§ **Assignment**: Quote the listing below in full and exactly as written, but omit every picture.

§ **Recorded data**:
+++

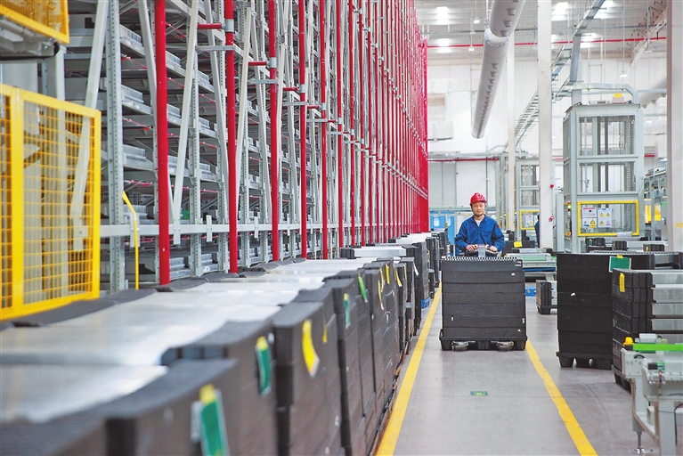 10月12日,在抚州高新技术产业开发区的抚州弗迪电池有限公司生产车间内,员工正在检测、运送用于新能源汽车的“刀片电池”电芯。该企业立足新能源产业,具备100%自主研发、设计和生产电池的能力,产品覆盖消费类3C电池、动力电池及储能电池等,项目达产后年产值约100亿元,实现就业人数约9000人。本报全媒体记者 吴福清摄
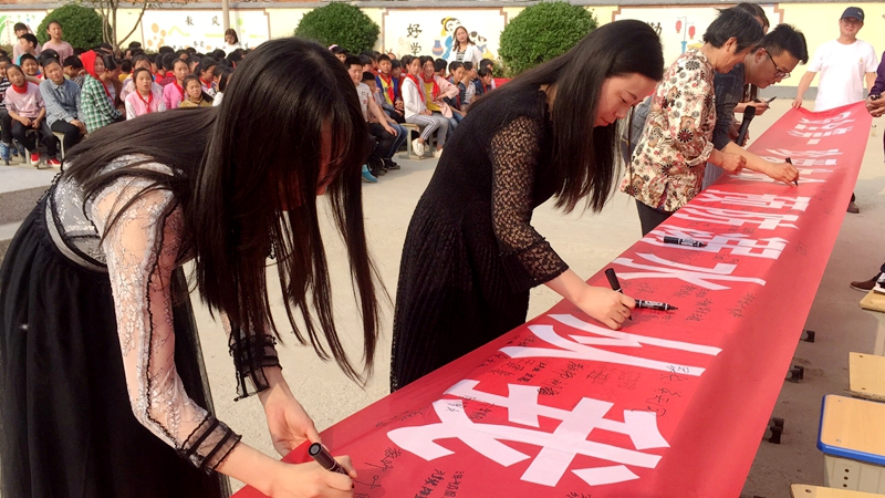 最后,教师、家长及学生代表在“安全第一,珍爱生命,预防溺水,从我做起”的横幅上郑重地签下了自己的姓名。
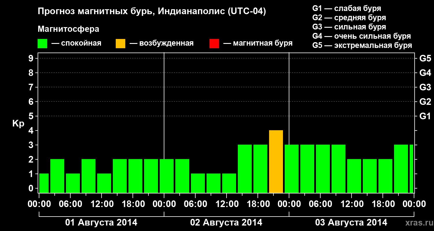 Прогноз магнитных бурь в Индианаполисе на 1 августа 2014 года
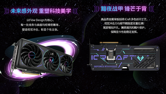 除了強(qiáng)悍的性能,銘瑄GeForce RTX 5070 Ti iCraft OC16G在特色設(shè)計(jì)上也頗具亮點(diǎn)。外觀設(shè)計(jì)上延續(xù) iCraft 系列硬核電競風(fēng)格,以 Flow Design 為核心設(shè)計(jì)理念,每一處線條與曲面都經(jīng)過精密雕琢,科技感與視覺沖擊力拉滿,高品質(zhì)金屬背板上的多色絲印工藝質(zhì)感十足,尾部特意增加的開孔設(shè)計(jì),既保障了通風(fēng)散熱,又能有效保護(hù)鰭片,讓顯卡在機(jī)箱中不僅是性能擔(dān)當(dāng),更是彰顯個(gè)性的顏值焦點(diǎn)。
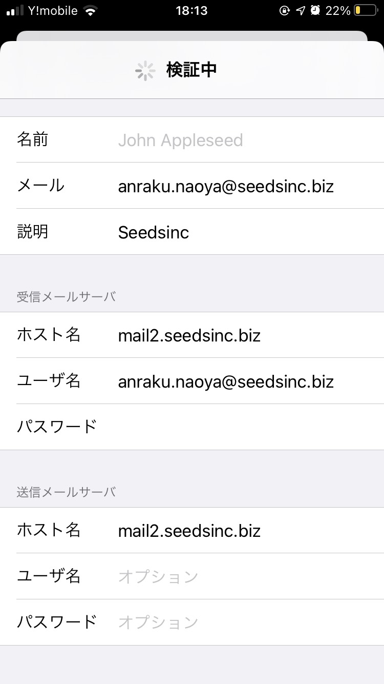 - Seedsメールのアカウントをタップします。※表示名は設定により異なります。

+++

§ **Task solution**:
 10月12日,在抚州高新技术产业开发区的抚州弗迪电池有限公司生产车间内,员工正在检测、运送用于新能源汽车的“刀片电池”电芯。该企业立足新能源产业,具备100%自主研发、设计和生产电池的能力,产品覆盖消费类3C电池、动力电池及储能电池等,项目达产后年产值约100亿元,实现就业人数约9000人。本报全媒体记者 吴福清摄
 最后,教师、家长及学生代表在“安全第一,珍爱生命,预防溺水,从我做起”的横幅上郑重地签下了自己的姓名。
 Прогноз магнитных бурь в Индианаполисе на 1 августа 2014 года
 除了強(qiáng)悍的性能,銘瑄GeForce RTX 5070 Ti iCraft OC16G在特色設(shè)計(jì)上也頗具亮點(diǎn)。外觀設(shè)計(jì)上延續(xù) iCraft 系列硬核電競風(fēng)格,以 Flow Design 為核心設(shè)計(jì)理念,每一處線條與曲面都經(jīng)過精密雕琢,科技感與視覺沖擊力拉滿,高品質(zhì)金屬背板上的多色絲印工藝質(zhì)感十足,尾部特意增加的開孔設(shè)計(jì),既保障了通風(fēng)散熱,又能有效保護(hù)鰭片,讓顯卡在機(jī)箱中不僅是性能擔(dān)當(dāng),更是彰顯個(gè)性的顏值焦點(diǎn)。
 - Seedsメールのアカウントをタップします。※表示名は設定により異なります。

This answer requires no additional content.